**Requirement:** In the records below, the lines between the one holding "The Uniview NVR301-04LS3-P4" and the one holding "La chemise rayée", inclusive, are to be transcribed exactly; no pictures are to be included.

--- Task material ---

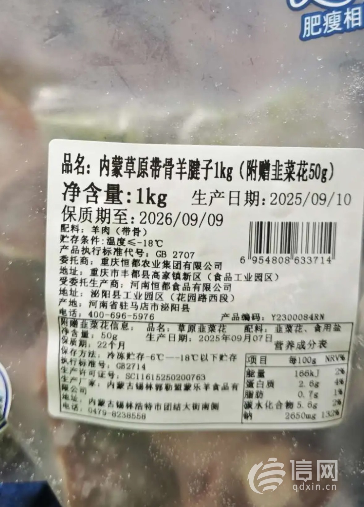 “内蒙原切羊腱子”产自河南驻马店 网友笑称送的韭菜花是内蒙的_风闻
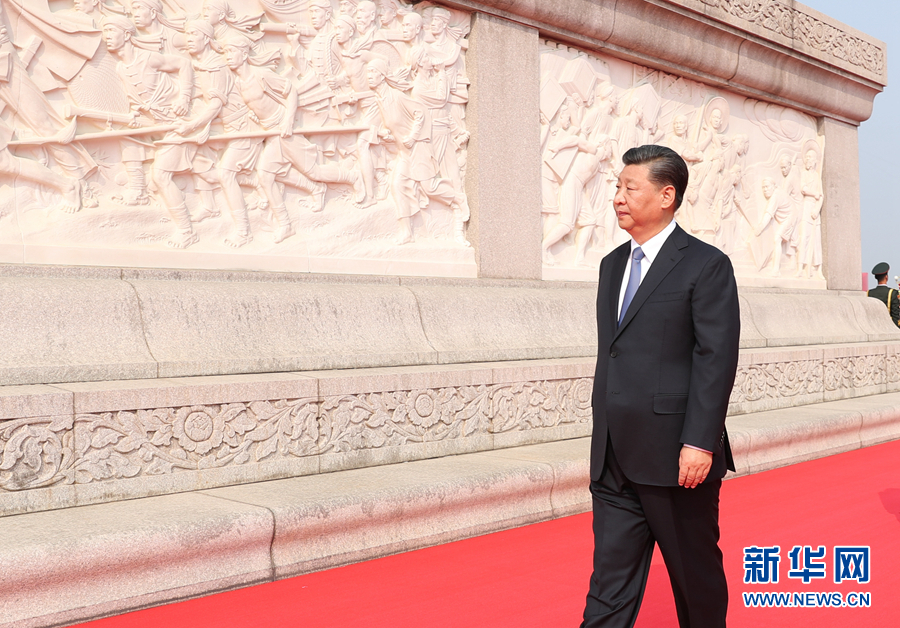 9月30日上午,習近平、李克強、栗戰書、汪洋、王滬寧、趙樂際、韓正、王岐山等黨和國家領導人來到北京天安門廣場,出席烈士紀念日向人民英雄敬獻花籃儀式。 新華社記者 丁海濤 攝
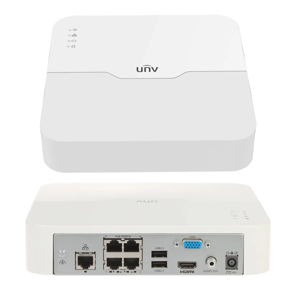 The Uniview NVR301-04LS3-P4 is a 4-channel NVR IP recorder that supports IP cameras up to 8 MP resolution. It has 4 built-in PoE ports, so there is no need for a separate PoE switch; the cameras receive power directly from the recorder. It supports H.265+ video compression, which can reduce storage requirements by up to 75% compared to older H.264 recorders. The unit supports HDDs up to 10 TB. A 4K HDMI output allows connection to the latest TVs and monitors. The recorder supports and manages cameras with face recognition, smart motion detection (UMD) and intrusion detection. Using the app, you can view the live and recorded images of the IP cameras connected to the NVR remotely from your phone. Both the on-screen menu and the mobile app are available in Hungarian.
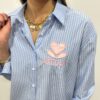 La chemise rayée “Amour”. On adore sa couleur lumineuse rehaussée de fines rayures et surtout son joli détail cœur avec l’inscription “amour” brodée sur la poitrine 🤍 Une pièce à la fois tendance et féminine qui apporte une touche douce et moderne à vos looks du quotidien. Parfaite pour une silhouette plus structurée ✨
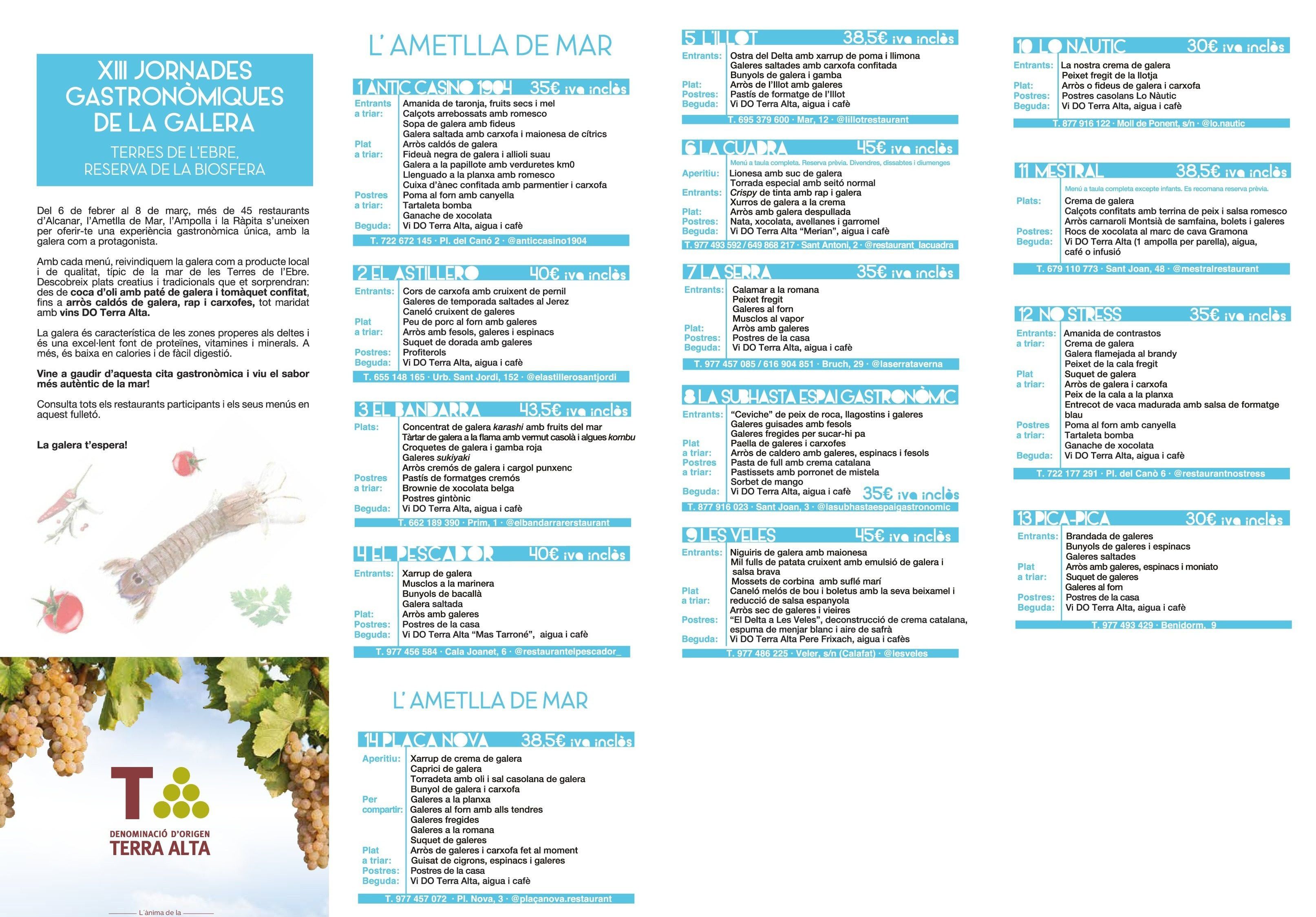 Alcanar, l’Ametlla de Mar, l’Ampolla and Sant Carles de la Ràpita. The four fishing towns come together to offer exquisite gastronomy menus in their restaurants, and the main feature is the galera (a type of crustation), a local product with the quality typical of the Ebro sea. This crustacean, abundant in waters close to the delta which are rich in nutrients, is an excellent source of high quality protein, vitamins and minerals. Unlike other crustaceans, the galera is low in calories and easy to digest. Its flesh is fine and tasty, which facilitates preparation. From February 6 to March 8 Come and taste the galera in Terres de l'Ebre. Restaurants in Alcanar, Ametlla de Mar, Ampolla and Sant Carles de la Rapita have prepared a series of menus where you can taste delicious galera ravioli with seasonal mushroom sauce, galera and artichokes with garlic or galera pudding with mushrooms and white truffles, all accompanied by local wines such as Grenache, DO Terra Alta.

---
--- Task material ---

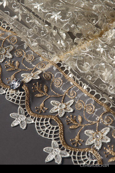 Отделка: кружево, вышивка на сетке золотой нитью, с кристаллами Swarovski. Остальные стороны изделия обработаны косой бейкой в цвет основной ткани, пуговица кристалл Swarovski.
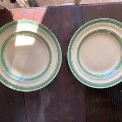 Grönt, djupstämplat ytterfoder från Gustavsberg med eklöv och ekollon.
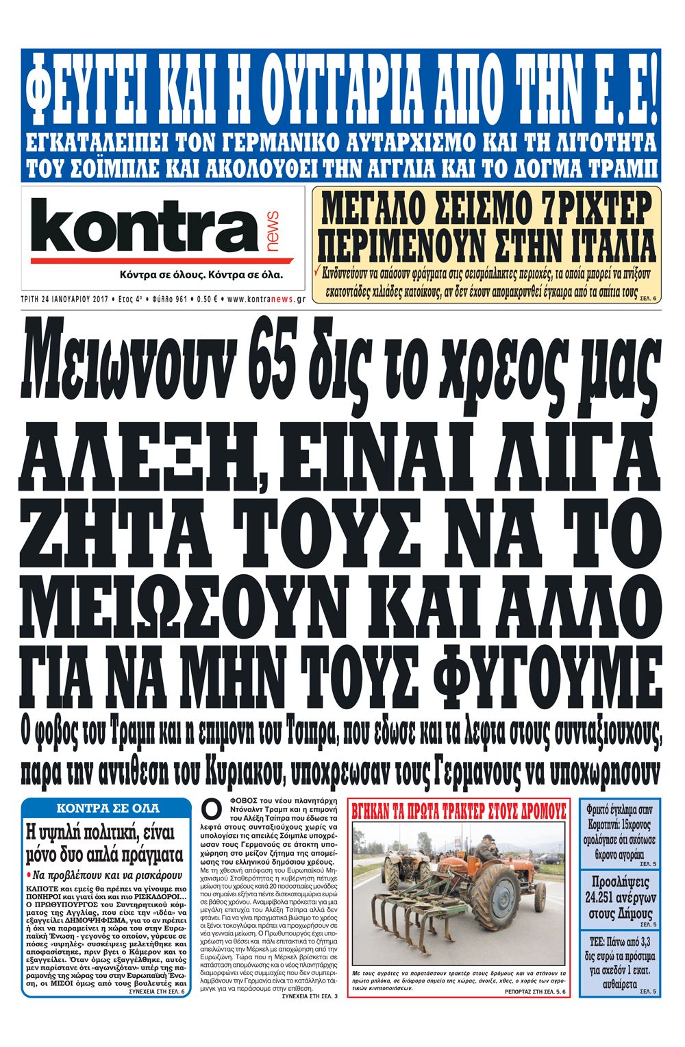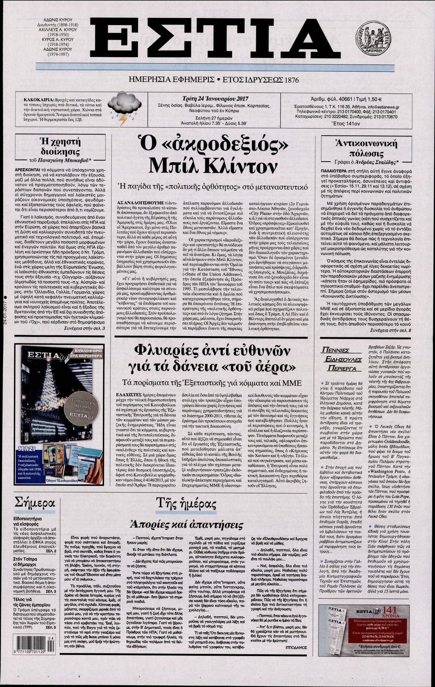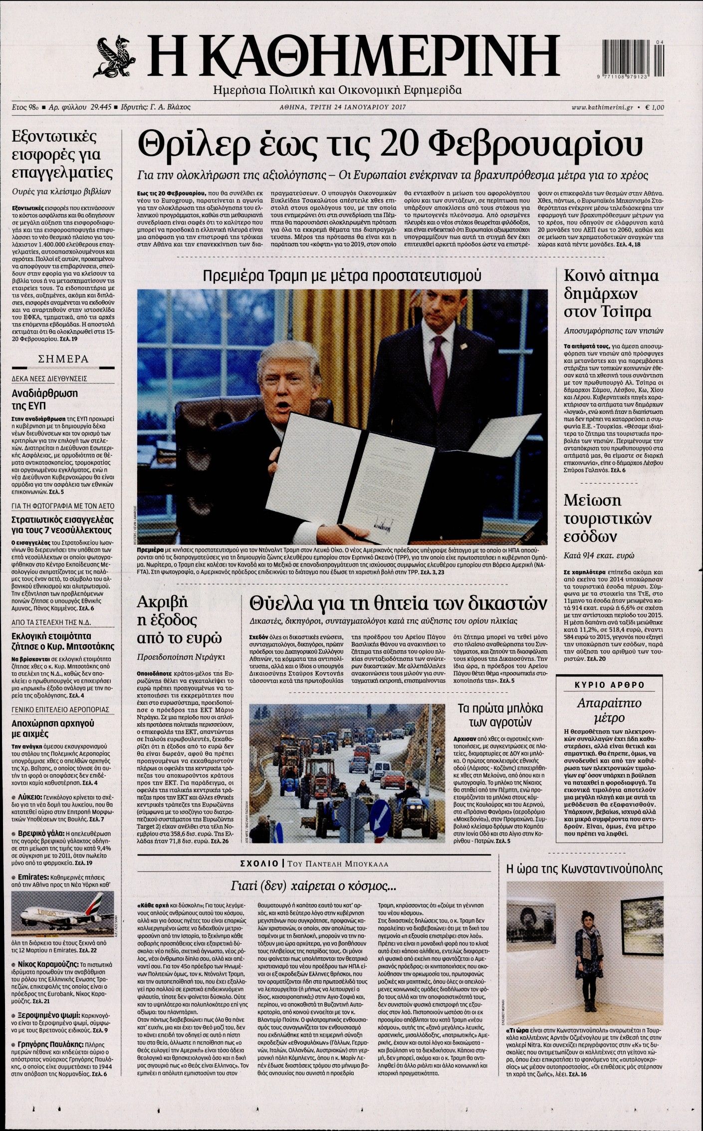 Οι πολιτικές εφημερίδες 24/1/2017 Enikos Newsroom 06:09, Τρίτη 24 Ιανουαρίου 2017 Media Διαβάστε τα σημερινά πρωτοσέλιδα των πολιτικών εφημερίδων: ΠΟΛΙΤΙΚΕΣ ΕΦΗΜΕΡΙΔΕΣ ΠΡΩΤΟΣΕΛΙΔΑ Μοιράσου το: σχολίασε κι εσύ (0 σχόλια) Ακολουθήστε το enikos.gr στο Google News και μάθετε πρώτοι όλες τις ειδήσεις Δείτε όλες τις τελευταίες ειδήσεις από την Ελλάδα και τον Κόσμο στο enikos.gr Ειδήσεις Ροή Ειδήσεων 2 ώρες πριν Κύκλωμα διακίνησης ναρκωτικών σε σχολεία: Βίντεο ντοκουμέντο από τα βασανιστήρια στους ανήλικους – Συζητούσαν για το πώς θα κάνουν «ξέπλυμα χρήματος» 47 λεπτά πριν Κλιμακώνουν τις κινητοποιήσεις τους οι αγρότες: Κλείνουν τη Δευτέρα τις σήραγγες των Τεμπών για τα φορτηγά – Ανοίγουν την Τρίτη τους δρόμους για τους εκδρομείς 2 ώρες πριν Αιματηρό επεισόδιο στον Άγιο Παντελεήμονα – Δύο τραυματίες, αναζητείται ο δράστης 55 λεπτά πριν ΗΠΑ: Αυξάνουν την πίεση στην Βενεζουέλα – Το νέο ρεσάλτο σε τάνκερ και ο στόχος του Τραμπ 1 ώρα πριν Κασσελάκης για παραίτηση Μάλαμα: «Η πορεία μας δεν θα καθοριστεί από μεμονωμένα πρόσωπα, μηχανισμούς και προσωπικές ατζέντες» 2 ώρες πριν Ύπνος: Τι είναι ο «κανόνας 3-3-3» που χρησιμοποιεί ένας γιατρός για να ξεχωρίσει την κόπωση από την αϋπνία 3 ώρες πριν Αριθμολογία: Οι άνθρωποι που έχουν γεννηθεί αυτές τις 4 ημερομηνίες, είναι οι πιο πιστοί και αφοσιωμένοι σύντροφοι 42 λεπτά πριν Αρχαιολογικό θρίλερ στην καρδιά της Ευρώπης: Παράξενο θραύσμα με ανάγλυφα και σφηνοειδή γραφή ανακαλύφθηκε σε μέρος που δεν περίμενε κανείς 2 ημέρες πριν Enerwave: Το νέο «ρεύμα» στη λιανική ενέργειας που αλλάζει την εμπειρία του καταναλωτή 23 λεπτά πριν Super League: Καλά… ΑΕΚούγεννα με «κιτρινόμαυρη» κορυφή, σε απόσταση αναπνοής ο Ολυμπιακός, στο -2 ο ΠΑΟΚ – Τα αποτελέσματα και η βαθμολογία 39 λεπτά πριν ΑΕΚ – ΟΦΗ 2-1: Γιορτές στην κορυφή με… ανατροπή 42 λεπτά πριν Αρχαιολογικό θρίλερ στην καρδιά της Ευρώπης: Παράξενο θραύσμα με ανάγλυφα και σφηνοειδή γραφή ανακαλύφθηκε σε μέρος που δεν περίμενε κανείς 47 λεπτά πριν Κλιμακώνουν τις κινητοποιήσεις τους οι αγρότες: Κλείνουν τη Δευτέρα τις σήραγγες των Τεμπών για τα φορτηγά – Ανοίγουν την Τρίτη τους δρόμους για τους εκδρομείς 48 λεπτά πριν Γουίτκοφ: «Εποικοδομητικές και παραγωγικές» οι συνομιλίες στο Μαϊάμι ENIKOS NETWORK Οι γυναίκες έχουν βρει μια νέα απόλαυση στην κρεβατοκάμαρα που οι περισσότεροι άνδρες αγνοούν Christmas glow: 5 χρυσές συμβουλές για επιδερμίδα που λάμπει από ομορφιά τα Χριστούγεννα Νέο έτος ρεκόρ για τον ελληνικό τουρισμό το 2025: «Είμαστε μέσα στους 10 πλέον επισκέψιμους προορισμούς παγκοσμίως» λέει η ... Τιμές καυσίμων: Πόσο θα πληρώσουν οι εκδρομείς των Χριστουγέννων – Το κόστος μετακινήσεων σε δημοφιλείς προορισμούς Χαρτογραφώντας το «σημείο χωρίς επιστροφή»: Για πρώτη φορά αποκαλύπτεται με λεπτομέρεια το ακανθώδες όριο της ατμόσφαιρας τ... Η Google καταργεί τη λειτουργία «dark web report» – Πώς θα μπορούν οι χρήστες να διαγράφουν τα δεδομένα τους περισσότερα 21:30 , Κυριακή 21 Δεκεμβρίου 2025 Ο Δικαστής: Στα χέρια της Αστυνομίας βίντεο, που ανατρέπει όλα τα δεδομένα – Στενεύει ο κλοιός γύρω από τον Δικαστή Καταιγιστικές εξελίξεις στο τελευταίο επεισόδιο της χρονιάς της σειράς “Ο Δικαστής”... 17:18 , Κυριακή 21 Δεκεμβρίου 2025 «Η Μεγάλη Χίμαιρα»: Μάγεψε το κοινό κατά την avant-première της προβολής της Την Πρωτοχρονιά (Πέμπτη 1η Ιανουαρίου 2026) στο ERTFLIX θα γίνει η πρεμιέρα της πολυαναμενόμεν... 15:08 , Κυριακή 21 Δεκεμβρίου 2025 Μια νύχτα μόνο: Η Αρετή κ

---

**Reply:**
 The Uniview NVR301-04LS3-P4 is a 4-channel NVR IP recorder that supports IP cameras up to 8 MP resolution. It has 4 built-in PoE ports, so there is no need for a separate PoE switch; the cameras receive power directly from the recorder. It supports H.265+ video compression, which can reduce storage requirements by up to 75% compared to older H.264 recorders. The unit supports HDDs up to 10 TB. A 4K HDMI output allows connection to the latest TVs and monitors. The recorder supports and manages cameras with face recognition, smart motion detection (UMD) and intrusion detection. Using the app, you can view the live and recorded images of the IP cameras connected to the NVR remotely from your phone. Both the on-screen menu and the mobile app are available in Hungarian.
 La chemise rayée “Amour”. On adore sa couleur lumineuse rehaussée de fines rayures et surtout son joli détail cœur avec l’inscription “amour” brodée sur la poitrine 🤍 Une pièce à la fois tendance et féminine qui apporte une touche douce et moderne à vos looks du quotidien. Parfaite pour une silhouette plus structurée ✨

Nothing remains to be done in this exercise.